__What is being asked__:
The answer must reproduce the listing exactly, with every picture left out.
*** Raw data ***
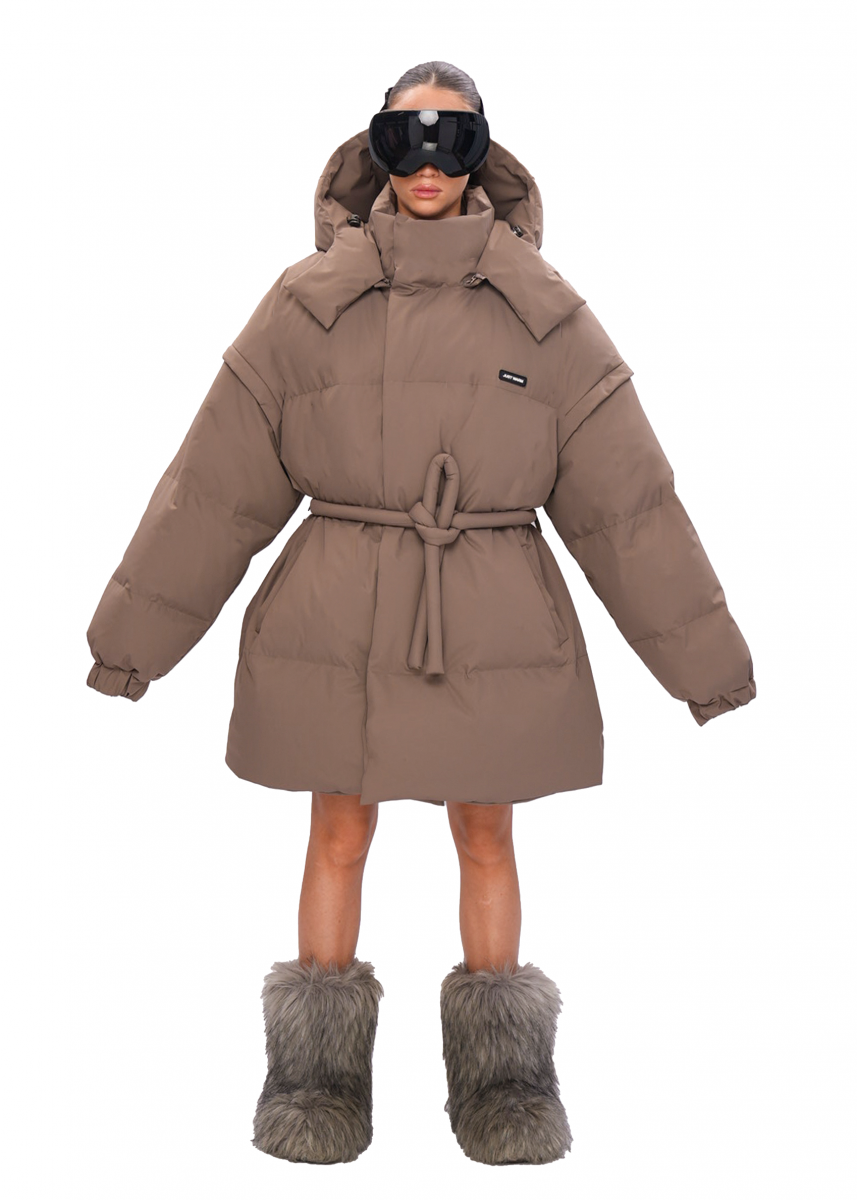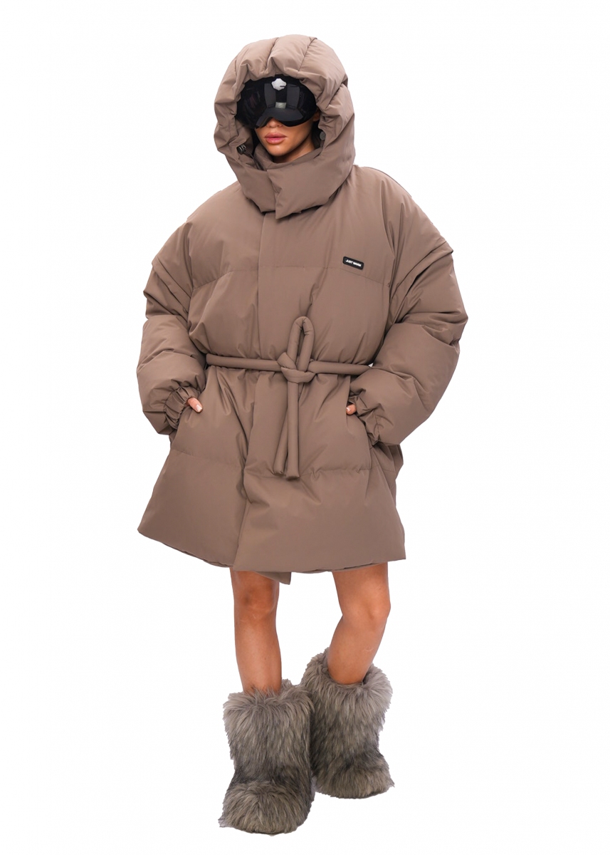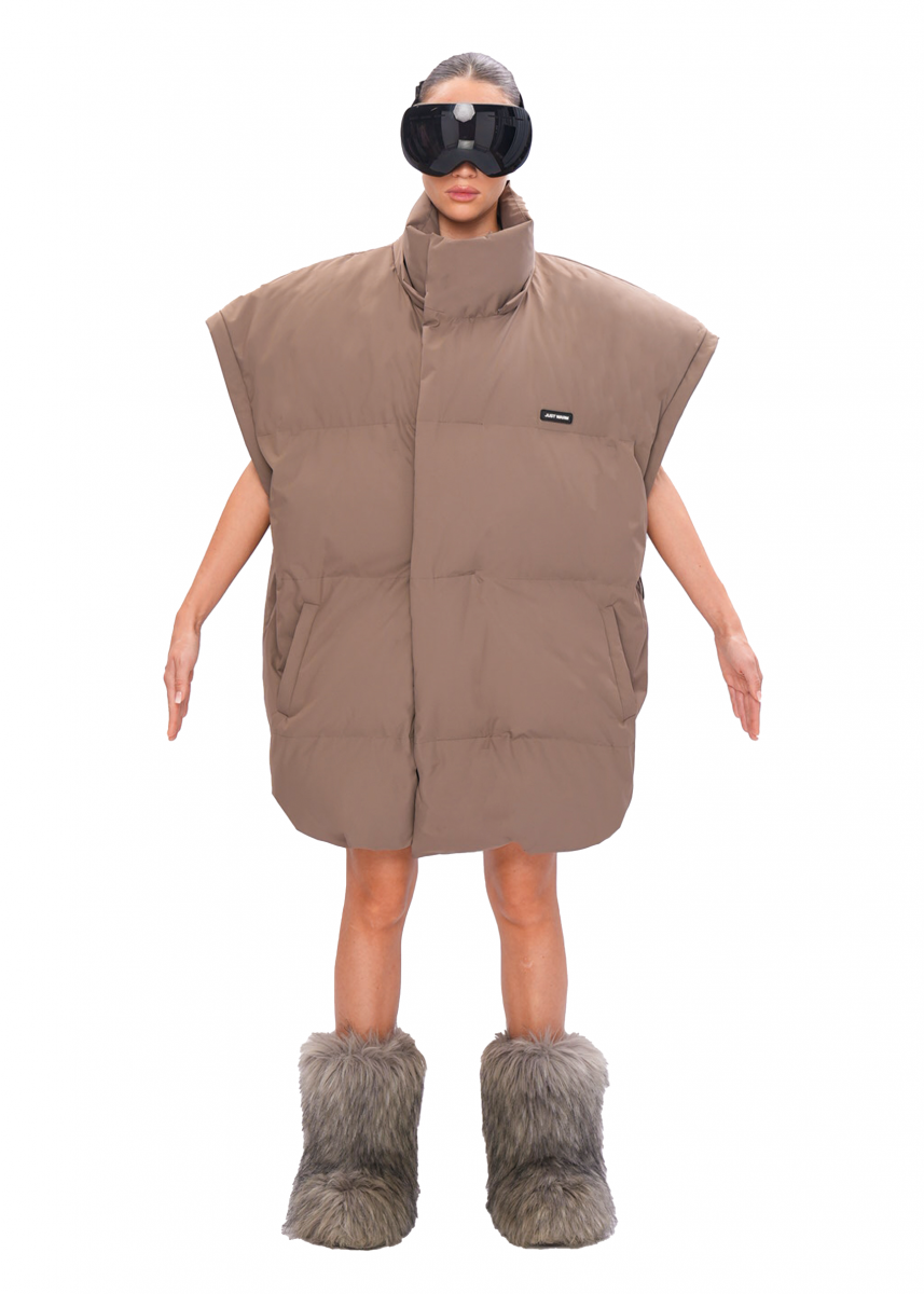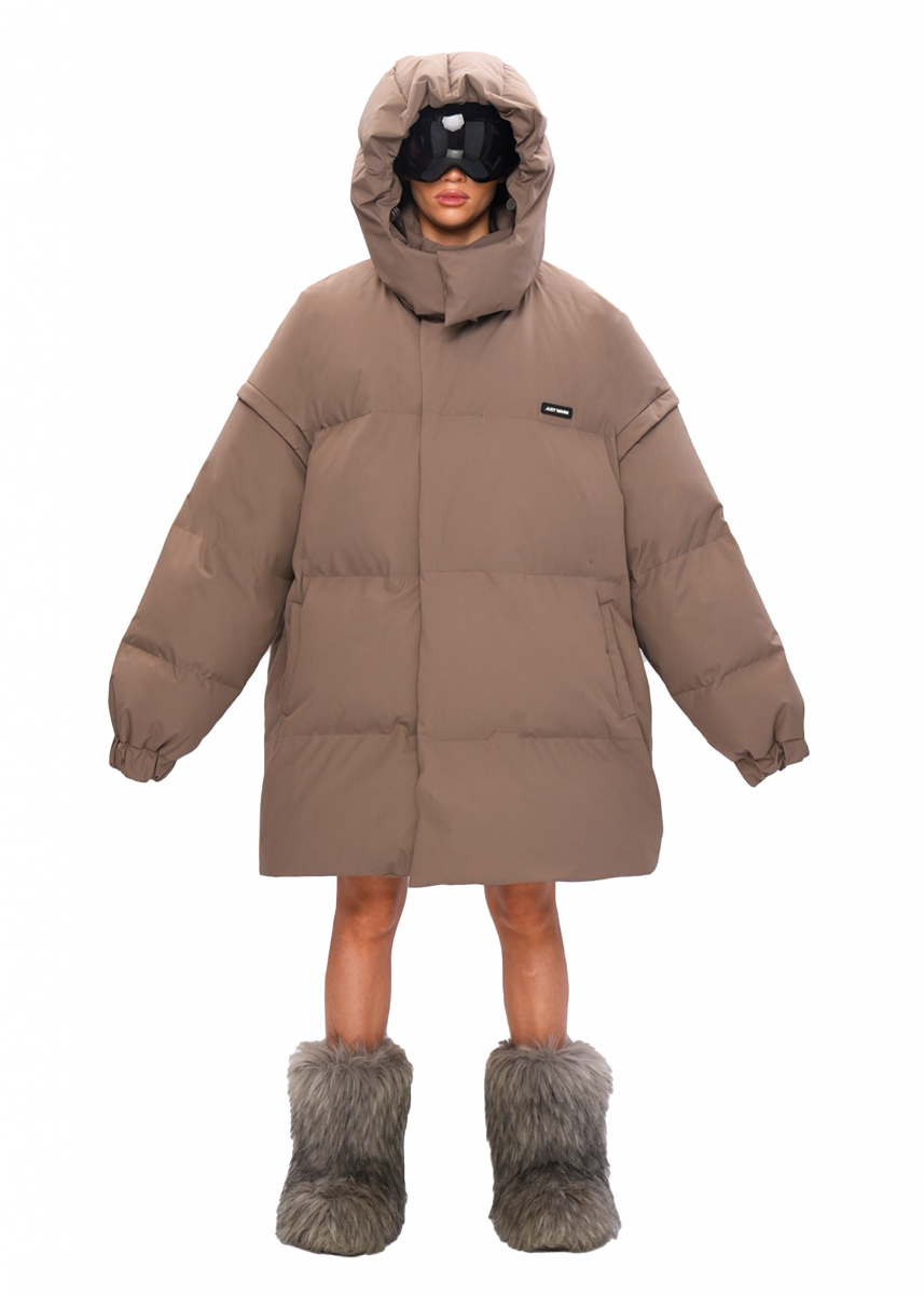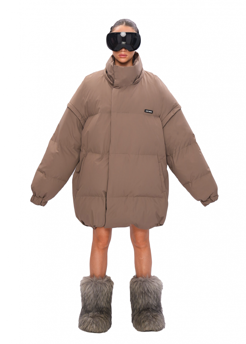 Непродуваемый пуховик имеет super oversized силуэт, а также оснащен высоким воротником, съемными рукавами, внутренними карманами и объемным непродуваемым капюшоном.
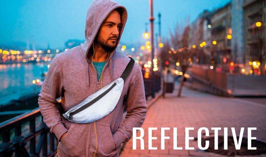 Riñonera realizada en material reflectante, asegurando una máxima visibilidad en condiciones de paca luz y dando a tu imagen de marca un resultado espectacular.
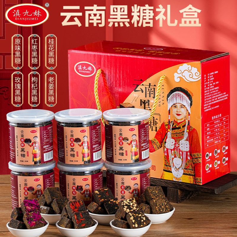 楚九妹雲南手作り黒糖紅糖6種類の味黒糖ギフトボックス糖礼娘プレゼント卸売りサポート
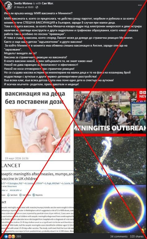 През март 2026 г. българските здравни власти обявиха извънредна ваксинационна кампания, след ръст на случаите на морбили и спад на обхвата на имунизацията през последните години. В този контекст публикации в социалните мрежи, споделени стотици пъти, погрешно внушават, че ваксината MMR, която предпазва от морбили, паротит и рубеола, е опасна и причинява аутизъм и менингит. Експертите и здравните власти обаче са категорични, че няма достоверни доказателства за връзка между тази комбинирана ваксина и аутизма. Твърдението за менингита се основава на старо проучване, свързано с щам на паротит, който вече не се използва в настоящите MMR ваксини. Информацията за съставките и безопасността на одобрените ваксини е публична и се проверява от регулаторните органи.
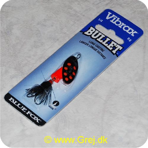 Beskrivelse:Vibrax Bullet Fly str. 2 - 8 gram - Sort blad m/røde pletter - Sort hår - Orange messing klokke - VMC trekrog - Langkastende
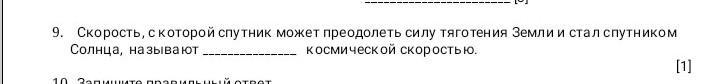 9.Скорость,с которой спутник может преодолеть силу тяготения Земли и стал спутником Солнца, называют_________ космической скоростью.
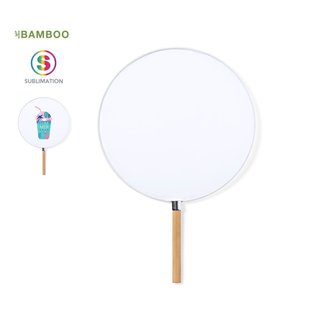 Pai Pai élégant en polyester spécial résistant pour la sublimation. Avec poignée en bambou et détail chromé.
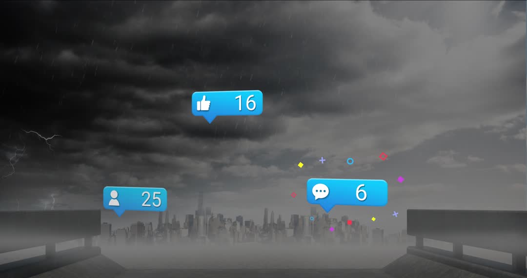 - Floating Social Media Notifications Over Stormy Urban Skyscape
*** End of Raw data ***
__Task answer__:
 Непродуваемый пуховик имеет super oversized силуэт, а также оснащен высоким воротником, съемными рукавами, внутренними карманами и объемным непродуваемым капюшоном.
 Riñonera realizada en material reflectante, asegurando una máxima visibilidad en condiciones de paca luz y dando a tu imagen de marca un resultado espectacular.
 楚九妹雲南手作り黒糖紅糖6種類の味黒糖ギフトボックス糖礼娘プレゼント卸売りサポート
 През март 2026 г. българските здравни власти обявиха извънредна ваксинационна кампания, след ръст на случаите на морбили и спад на обхвата на имунизацията през последните години. В този контекст публикации в социалните мрежи, споделени стотици пъти, погрешно внушават, че ваксината MMR, която предпазва от морбили, паротит и рубеола, е опасна и причинява аутизъм и менингит. Експертите и здравните власти обаче са категорични, че няма достоверни доказателства за връзка между тази комбинирана ваксина и аутизма. Твърдението за менингита се основава на старо проучване, свързано с щам на паротит, който вече не се използва в настоящите MMR ваксини. Информацията за съставките и безопасността на одобрените ваксини е публична и се проверява от регулаторните органи.
 Beskrivelse:Vibrax Bullet Fly str. 2 - 8 gram - Sort blad m/røde pletter - Sort hår - Orange messing klokke - VMC trekrog - Langkastende
 9.Скорость,с которой спутник может преодолеть силу тяготения Земли и стал спутником Солнца, называют_________ космической скоростью.
 Pai Pai élégant en polyester spécial résistant pour la sublimation. Avec poignée en bambou et détail chromé.
 - Floating Social Media Notifications Over Stormy Urban Skyscape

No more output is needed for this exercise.